During the Middle Ages of Indian history, many faiths and sects sprang up in religious and social spheres of Hindu society. Their practitioners slowly migrated away from the teachings of the Vedas attaching greater significance to their founders and their preachings. From then onwards polytheism commenced. Great differences developed among the different sects and divided and weakened Hindu society. The caste system based on birth became strong and gave rise to further fragmentation. Like with any aging society without reforms, the customs gave way to superstition and ignorance wherein practice superseded reason and the spread of blind faith threatened degradation of "Hindu" society. Saraswati argues that the word Hindu is an improper word or misnomer- the correct word is Vaidic Dharma or Sanathana Dharma, a religion based upon the Vedas. The word Hindu does not appear anywhere in the Vedic texts or even the Bhagavad Gita. The word Hindu is a Persian word, used by the Muslims and the renaming of the Vaidic religion to "Hindu" demonstrates the level of weakening to the Vaidic faith. "Hinduism" needs reforms.

It was at this time that Swami Dayanand wrote Satyarth Prakash in order to spread the knowledge of the Vedas. The Satyarth Prakash contains exposition and clarifications of Vedic principles. The book advocates the three eternal entities based on the Vedas:

1. Prakṛti or Nature, which is the material cause for the Creation, is eternal and is characterised by Sattva (Pure existence), Rajas (Rajah means to shine, light or Atomic or that conveys information about existence) and Tamas (Existence unknowable in its form), which tend to be in equilibrium. In every cycle of creation, the Conscious Supreme Lord will disturb its equilibrium and makes it useful for the creation of the Worlds and its forces and to manufacture the bodies required by the individual souls. After a specific long time called the day of the Brahma (Brahma means great, lengthy etc...), the creation will be dissolved and the Nature is restored back to its equilibrium. After a period called the Night of Brahma, which is equal to the length of the day of the Brahma, the Creation will set forth again. This cycle of creation and dissolution has neither beginning nor nor end, hence the characteristic of the eternal.
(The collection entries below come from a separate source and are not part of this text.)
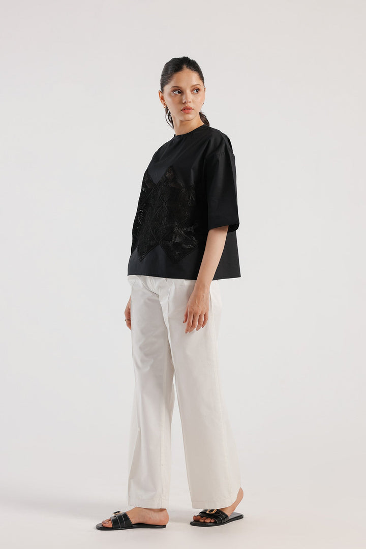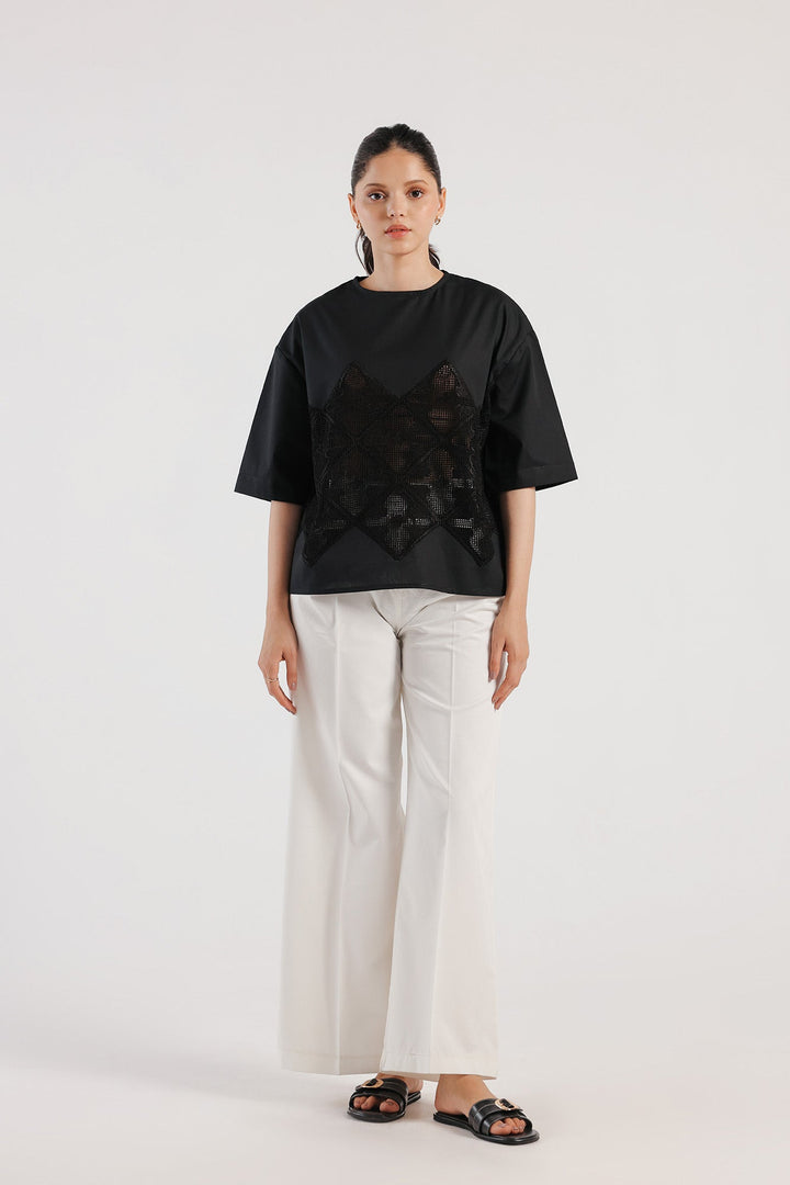 Experience the timeless elegance in this classy top rendered in a deep black color. Adorned with intricate embroidery at front portraying floral design with cutwork details,, this beautiful top is a perfect option for happening events.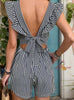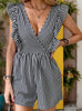 Retro Deep V-neck Ruffled Striped Jumpsuit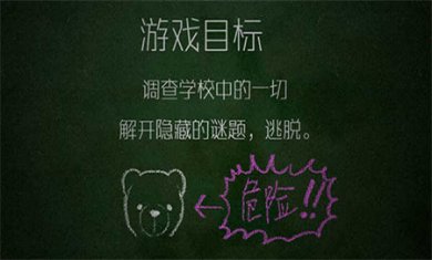 1、进入到游戏之后,我们需要环绕四周,先向后转,有一面黑板。黑板上写着:要我们搜索整个学校,找出隐藏的秘密然后逃出去,最后提醒我们泰迪熊非常危险。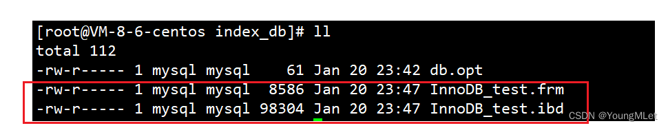 因为 mysql 默认使用的是 InnoDB 引擎,以是我们不需要带使用哪个引擎的项。接下来检察该目录下的文件: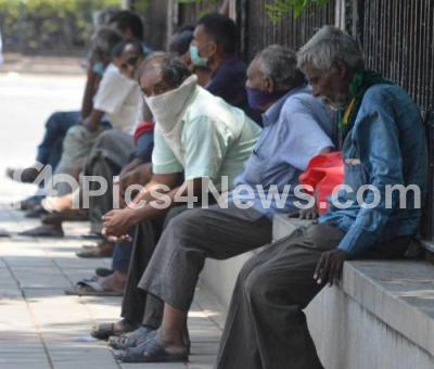 Photo Caption : Homeless and jobless people seen resting near BBMP head office during the nationwide lockdown in the wake of novel coronavirus (COVID 19) pandemic, in Bengaluru on Wednesday 8th April 2020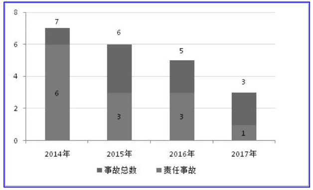 通過實施標準化站隊建設工作,2014年至2017年公司生產安全責任事故、較大影響生產安全事件發(fā)生起數(shù)逐年下降,分別見表1、圖1。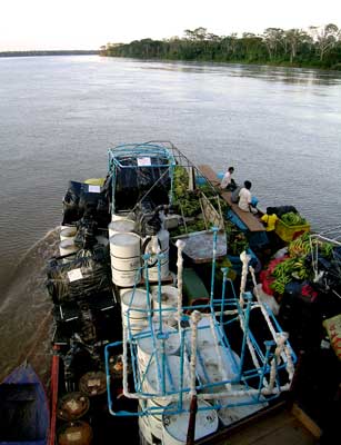 Przez ten czas zdążyliśmy się nasycić po uszy (i na resztę życia) widoczkami brzegu dżungli z rzeki, oraz wypić cały dostępny alkohol. To ostatnie było dziełem prawie zdawałoby się, niemożliwym. Na nasze statkowe zapasy na długi rejs mieliśmy bowiem dużą ilość whisky, magazynek statkowego baru piwnego, oraz kupione przeze mnie "na czarną godzinę" kilka literków bimbru, który odlano z kanistra w porcie w Pucallpie do butelek po wodzie mineralnej. WYPILIŚMY WSZYSTKO. Skończyły się zapasy wolnocłowe, potem wykończono wszystko, co posiadała właścicielka baru na trzecim pokładzie, a na końcu poszedł i bimber, na który początkowo wszyscy kręcili nosem.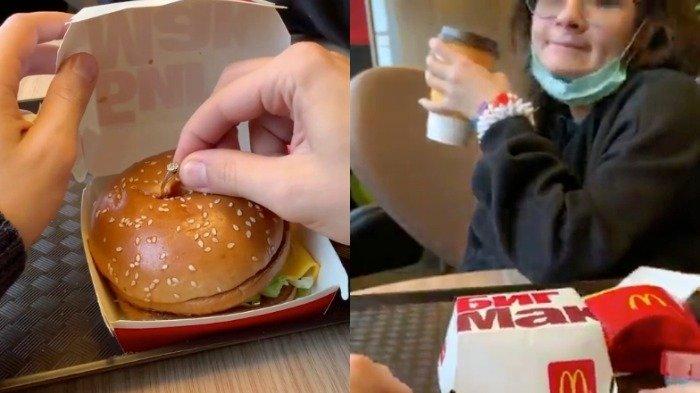 Seorang pria melamar kekasihnya menggunakan burger Big Mac dari McDonald's.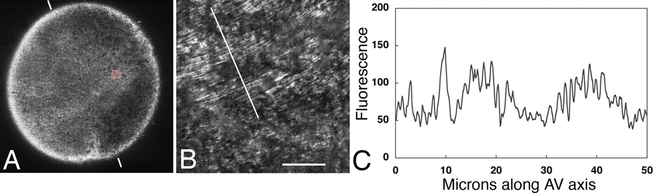 Fig. 8. Cortical microfilament bundles slide past each other, paralleling the direction of shear. (A) Equatorial view via confocal microscopy of an egg matured from an oocyte injected with GFP-actin mRNA. The egg was parthenogenetically activated and incubated in BDM/nocodazole. White bars indicate the orientation of the animal-vegetal axis. (B) The colorized region is examined at higher magnification, showing GFP-decorated microfilaments oriented in a band paralleling the equator. (C) The fluorescence intensity profile along a white transect in B paralleling the animal-vegetal meridian. The distribution of intensity maxima indicates relatively uniform spacing of GFP-actin microfilament bundles. Scale bar in B: 15 μm.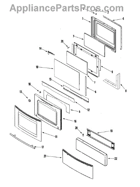 Size: 20 5/8 inches x 13 1/8 inches. For the glass measuring 22 3/8 inches x 14 inches order 74004857 Causes of a bad oven inner door glass can include small cracks or chips developing from regular door openings/closings, or microscopic defects that enlarge under repeated thermal cycling. Damage from accidental impacts is also possible. Symptoms of a bad Oven Inner Door Glass include: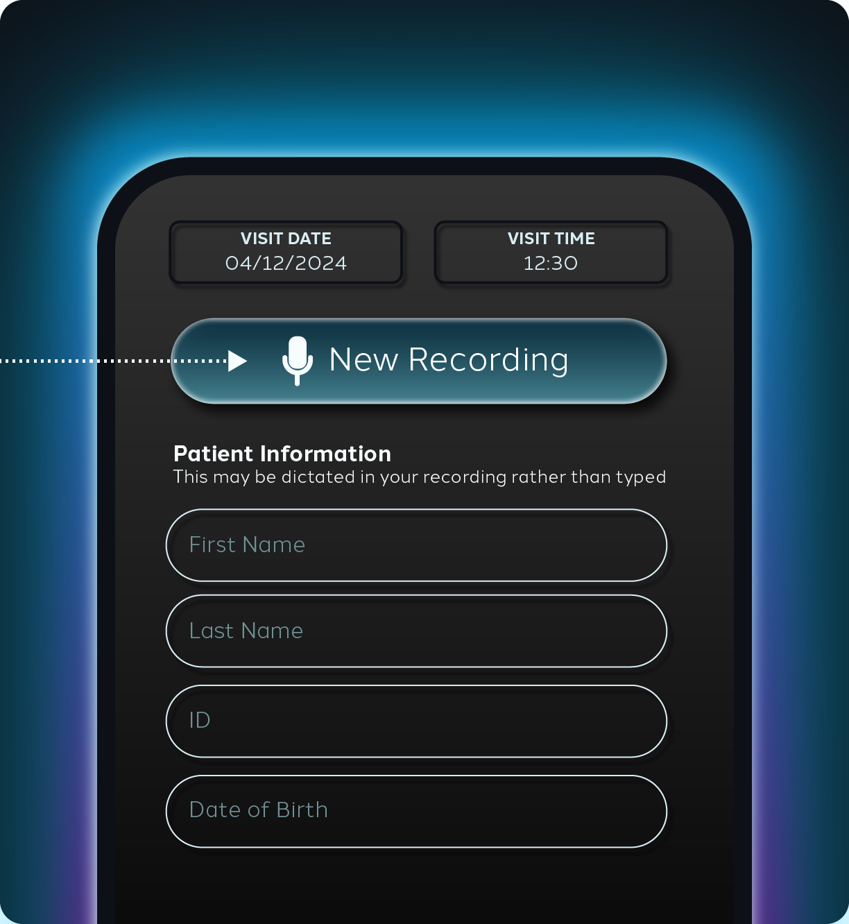• 01 Press Record Before beginning your encounter, press ‘Record’ in your Speke AI app. The AI will ambiently listen to your consultation while you proceed as normal. Simply select ‘Stop’ to end the recording and generate your note.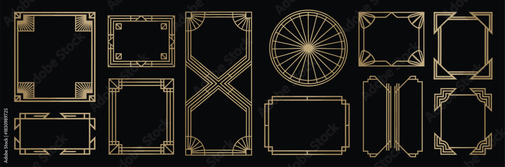 Geometria - Luxury Art Deco Ornament Collection Featuring Golden Geometric Frames, Headers, Dividers, And... #1830989725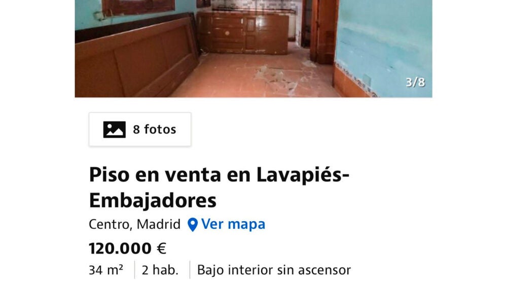 Se trata de un bajo interior de 34m2 en el barrio de Lavapiés de la capital madrileña que lo presentan como una "magnífica oportunidad para inversores" con dos habitaciones, un baño y "de segunda mano/para reformar", que se vende por el módico precio de 120.000 euros. Además, se adjuntan 8 fotografías de la vivienda que son espeluznantes, con unos mensajes inquietantes y unos grafitis que dejan mucho que desear del piso.
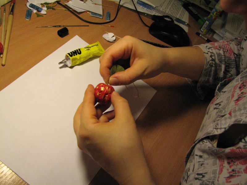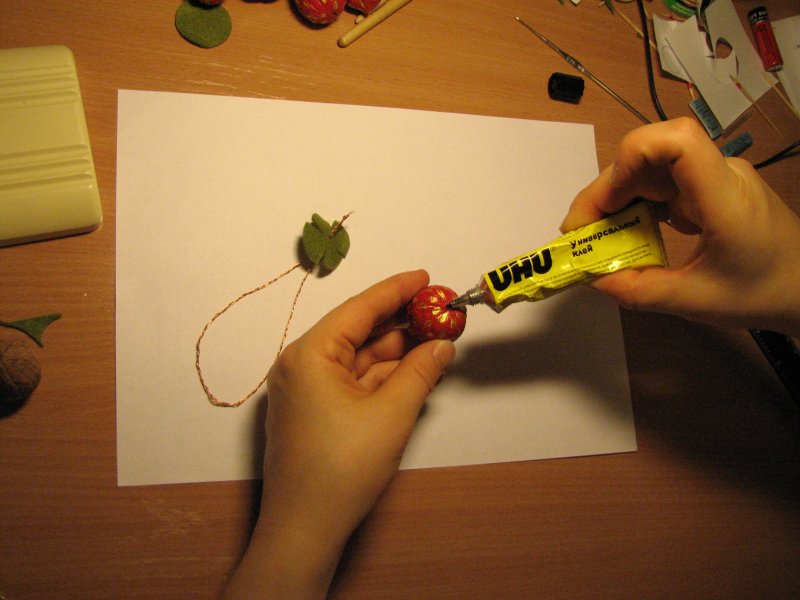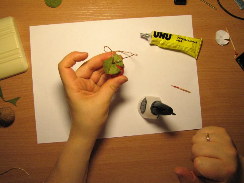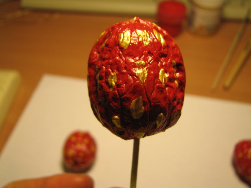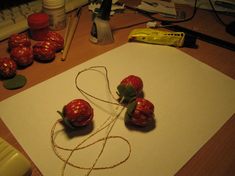 Мастерили в прошлом году со старшим сыном, но на фото к сожалению только я, а сынулик фотографировал :-) Незатейливо и очень просто в исполнении, может кому-то пригодится... Новогодняя клубничка из грецких орехов:

2. Jiva or Individual eternal Souls who are different from one another yet have the same characteristics and can reach the same level of Happiness in the state of Moksha or Liberation (explained below in another paragraph). They are bodiless hence beyond all genders and all other characteristics as seen in the World, they are not made out of materials of Nature, and they are subtler than the Nature itself, but take birth through body as per the creative principles set by the Supreme Lord based on their past Karma and they put effort to improve themselves. By realising oneself, the Nature and the Supreme Lord, individual souls are liberated. But this realisation depends on their efforts and knowledge gained. They keep coming to the World, use Nature, obtain fruits of their actions and appear taking myriads of lives of different animals (It is not a one way direction but those who have attained higher intellectual bodies can also go back to lower forms based on their Karma or actions), they redo their actions and are completely free to choose their actions, learn and relearn, attain Liberation and after the extensive long duration of Moksha or Liberation, will come back again into the World. Since this period of Moksha or Liberation is extremely long, it appears as though they never return or they never take birth again by the other beings who are still in the World. Since they are eternal and are capable of working, these characteristics cannot be destroyed. They are timeless, eternal but are not All-Knowers and they cannot be the pervaders of entire Space. Hence however much they know and experience and enjoy is always limited and yet unexplored always remains.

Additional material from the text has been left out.